The AP may detect a beacon collision with an overlapping BSS (1710). For example, a beacon collision may occur when the current BSS transmits a beacon frame at substantially the same time as the overlapping BSS. In some implementations, the AP may detect the beacon collision by detecting or intercepting beacons transmitted by the overlapping BSS. In some other implementations, the AP may be notified of the beacon collision by one or more of its associated STAs.

Upon detecting the beacon collision, the AP may select a new TBTT to be implemented for the current BSS (1720). For example, the AP may adjust the timing of its beacon transmissions so that they do not coincide with beacon transmissions from the overlapping BSS (or from any other BSSs in the vicinity). In some implementations, the AP may offset its TBTT relative to the TBTT of the overlapping BSS by expediting or delaying its beacon transmissions (such that respective beacon transmission from the current BSS and the overlapping BSS are sufficiently separated in time).

The AP may transmit a TBTT adjustment (TA) announcement message counting down to an adjustment interval (1730). The TA announcement message may be embedded in management frames, control frames, action frames, data frames, or other communication frames. More specifically, the TA announcement message may indicate the timing of the new TBTT (such as the adjustment or offset to be applied to the current TBTT), as well as the time at which the new TBTT is scheduled to take effect (also referred to as the adjustment interval). In some implementations, the AP may perform the color change operation during a TBTT, or a DTIM period, when most (if not all) of its associated STAs are expected to be awake and listening for beacons from the AP.

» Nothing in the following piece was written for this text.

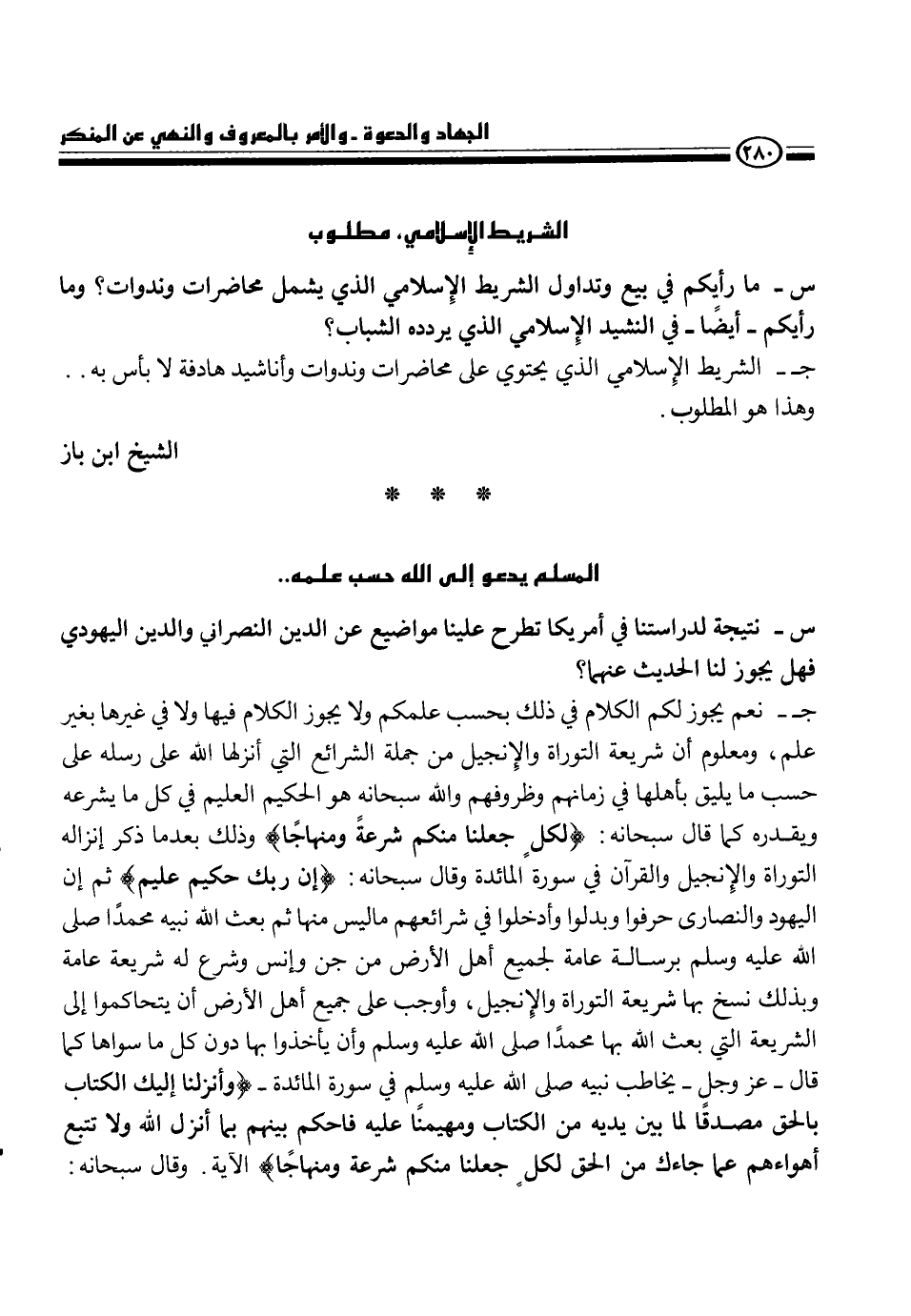 ج- نعم يجوز لكم الكلام في ذلك بحسب علمكم ولا يجوز الكلام فيها ولا في غيرها بغير علم، ومعلوم أن شريعة التوارة والإنجيل من جملة الشرائع التي أنزلها الله على رسله على حسب ما يليق بأهلها في زمانهم وظروفهم والله سبحانه هو الحكيم العليم في كل ما يشرعه وبقدره كما قال سبحانه {لكل جعلنا منكم شرعة ومنهاجاً} وذلك بعدما ذكر إنزاله التوراة والإنجيل والقرآن في سورة المائدة وقال سبحانه {إن ربك حكيم عليم} ثم إن اليهود والنصارى حرفوا وبدلوا وأدخلوا في شرائعهم ما ليس منها ثم بعث الله نبيه محمداً صلى الله عليه وسلم برسالة عامة لجميع أهل الأرض من جن وإنس وشرع له شريعة عامة وبذلك نسخ بها شريعة التوراة والإنجيل، وأوجب على جميع أهل الأرض أن يتحاكموا إلى الشريعة التي بعث الله بها محمد، - صلى الله عليه وسلم -، وأن يأخذوا بها دون كل ما سواها كما قال - عز وجل - يخاطب نبيه، - صلى الله عليه وسلم -، في سورة المائدة {وأنزلنا إليك الكتاب بالحق مصدقاً لما بين يديه من الكتاب ومهيمناً عليه فاحكم بينهم بما أنزل الله ولا تتبع أهواءهم عما جاءك من الحق لكلٍ جعلنا منكم شرعة ومنهاجاً} الآية. وقال سبحانه

At each subsequent TBTT, the AP may determine whether the adjustment interval has been reached (1740). As long as the adjustment interval has not been reached (as tested at 1740), the AP may continue to transmit TA announcement messages with an updated countdown timer (1730). For example, since different STAs may have different wake-up schedules, the AP may periodically broadcast TA announcement messages (such as at each TBTT or TWT for an associated STA) with an updated countdown timer indicating the time (or number of TBTTs) remaining until the new TBTT is scheduled to take effect.

If the adjustment interval has been reached (as tested at 1740), the AP may transmit a TA announcement message indicating a TBTT adjustment operation is to occur at this time (1750). For example, the TBTT adjustment operation may be effected based on the length or duration of the adjustment interval. More specifically, a longer adjustment interval may delay the TBTT of the current BSS relative to the TBTT of the overlapping BSS. On the other hand, a shorter adjustment interval may expedite the TBTT of the current BSS relative to the TBTT of the overlapping BSS. The AP may transmit a subsequent beacon frame at the end of the adjustment interval (1760). For example, the transmission of the subsequent beacon frame effectively terminates the adjustment interval and locks in the new TBTT for future communications.

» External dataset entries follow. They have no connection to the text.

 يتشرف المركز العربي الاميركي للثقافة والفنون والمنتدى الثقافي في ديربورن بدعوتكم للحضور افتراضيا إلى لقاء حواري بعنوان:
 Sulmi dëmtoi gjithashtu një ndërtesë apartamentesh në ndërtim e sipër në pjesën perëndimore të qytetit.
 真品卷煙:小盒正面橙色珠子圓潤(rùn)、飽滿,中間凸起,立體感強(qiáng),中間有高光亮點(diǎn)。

FIG. 18 shows a flowchart depicting another example operation 1800 for changing the TBTT of a BSS when a beacon collision is detected with an overlapping BSS. More specifically, the example operation 1800 may be performed by an AP to detect and mitigate beacon collisions between its associated BSS (the “current BSS”) and an overlapping BSS. With reference for example to FIG. 1, the example operation 1800 may be performed by any of the access points AP1 or AP2.

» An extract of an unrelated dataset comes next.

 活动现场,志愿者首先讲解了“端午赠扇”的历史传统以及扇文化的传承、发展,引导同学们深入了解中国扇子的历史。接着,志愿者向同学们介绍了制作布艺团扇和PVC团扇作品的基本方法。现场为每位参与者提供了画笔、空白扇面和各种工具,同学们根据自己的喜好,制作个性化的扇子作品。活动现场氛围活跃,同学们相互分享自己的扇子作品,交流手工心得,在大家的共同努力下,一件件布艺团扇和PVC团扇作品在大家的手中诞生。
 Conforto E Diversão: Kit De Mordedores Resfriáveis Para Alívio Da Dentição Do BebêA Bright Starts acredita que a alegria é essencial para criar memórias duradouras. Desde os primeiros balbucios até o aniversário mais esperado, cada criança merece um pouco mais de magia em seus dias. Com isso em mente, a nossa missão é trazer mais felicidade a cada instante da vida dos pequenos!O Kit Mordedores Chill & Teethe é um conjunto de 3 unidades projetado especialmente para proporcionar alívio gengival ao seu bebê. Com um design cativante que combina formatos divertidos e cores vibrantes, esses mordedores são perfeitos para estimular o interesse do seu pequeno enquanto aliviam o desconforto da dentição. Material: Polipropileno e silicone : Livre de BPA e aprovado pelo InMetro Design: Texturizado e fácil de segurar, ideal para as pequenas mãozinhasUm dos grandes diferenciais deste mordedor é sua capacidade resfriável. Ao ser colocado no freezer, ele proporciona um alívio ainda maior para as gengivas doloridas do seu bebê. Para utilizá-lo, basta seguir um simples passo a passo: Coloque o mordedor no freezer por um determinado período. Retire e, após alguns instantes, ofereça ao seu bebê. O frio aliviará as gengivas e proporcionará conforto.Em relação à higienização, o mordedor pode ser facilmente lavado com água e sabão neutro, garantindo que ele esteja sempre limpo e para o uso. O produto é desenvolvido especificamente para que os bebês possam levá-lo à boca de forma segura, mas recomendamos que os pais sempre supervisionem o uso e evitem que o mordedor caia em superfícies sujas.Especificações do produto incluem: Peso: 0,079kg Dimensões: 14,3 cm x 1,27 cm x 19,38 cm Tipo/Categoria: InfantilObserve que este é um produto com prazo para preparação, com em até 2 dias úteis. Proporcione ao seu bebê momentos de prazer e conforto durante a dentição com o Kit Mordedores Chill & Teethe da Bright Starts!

The AP may detect a beacon collision with an overlapping BSS (1810). For example, a beacon collision may occur when the current BSS transmits a beacon frame at substantially the same time as the overlapping BSS. In some implementations, the AP may detect the beacon collision by detecting or intercepting beacons transmitted by the overlapping BSS. In some other implementations, the AP may be notified of the beacon collision by one or more of its associated STAs.

Upon detecting the beacon collision, the AP may incrementally offset (such as by expediting or delaying) its TBTT for a subsequent beacon interval (1820). Aspects of this disclosure recognize that legacy STAs may be unable to recognize or process TA announcement messages that may be included in communications frames transmitted in accordance with the HE frame format. To ensure that legacy STAs do not miss any beacon frames, the AP may incrementally adjust the TBTT for the current BSS over a number of beacon (or DTIM) intervals. For example, each incremental adjustment may result in a new TBTT that is still within the previous beacon scanning threshold of its associated STAs.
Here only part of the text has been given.